BEGIN
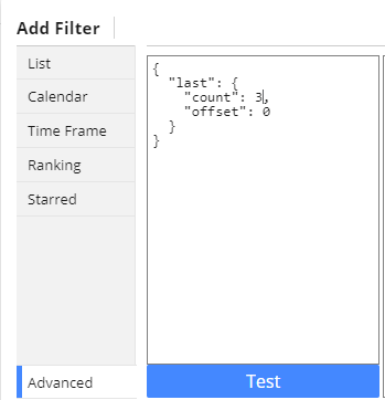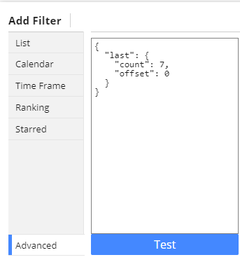 7. Once the selections from step 6 are made, click "Advanced". Update "count":7; to "count": 3; to show only the tasks whose due date was 0-3 days ago.
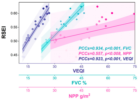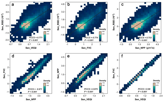 It can be seen from Figure 7 that the PCCs between the NPP, FVC, and VEQI were greater than 0.95 (Figure 7d–f), indicating that these three indicators had a very significant positive correlation in the time-series changes. The PCCs between the RSEI and the three indices were low, but larger than 0.75, and all passed the significance test (Figure 7a–c). Secondly, among the three indicators, the PCC between the FVC and the RSEI was the highest (0.774) (Figure 7b), while the PCC between the NPP and the RSEI was the lowest (0.753) (Figure 7c), which is consistent with the conclusion drawn in Section 4.2.1. This shows that the correlation between the RSEI and the NPP, FVC, and VEQI is consistent at the panel and pixel scales.
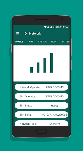 Dr Network monitors your mobile network's signal strength and notifies you when you experience signal loss. It also provides you with detailed Mobile, Wi-Fi, System, Root & Battery information.
END
#### [EXERCISE DESCRIPTION]
Everything in the listing, except its images, should be set down exactly.

#### [THE ANSWER]
 7. Once the selections from step 6 are made, click "Advanced". Update "count":7; to "count": 3; to show only the tasks whose due date was 0-3 days ago.
 It can be seen from Figure 7 that the PCCs between the NPP, FVC, and VEQI were greater than 0.95 (Figure 7d–f), indicating that these three indicators had a very significant positive correlation in the time-series changes. The PCCs between the RSEI and the three indices were low, but larger than 0.75, and all passed the significance test (Figure 7a–c). Secondly, among the three indicators, the PCC between the FVC and the RSEI was the highest (0.774) (Figure 7b), while the PCC between the NPP and the RSEI was the lowest (0.753) (Figure 7c), which is consistent with the conclusion drawn in Section 4.2.1. This shows that the correlation between the RSEI and the NPP, FVC, and VEQI is consistent at the panel and pixel scales.
 Dr Network monitors your mobile network's signal strength and notifies you when you experience signal loss. It also provides you with detailed Mobile, Wi-Fi, System, Root & Battery information.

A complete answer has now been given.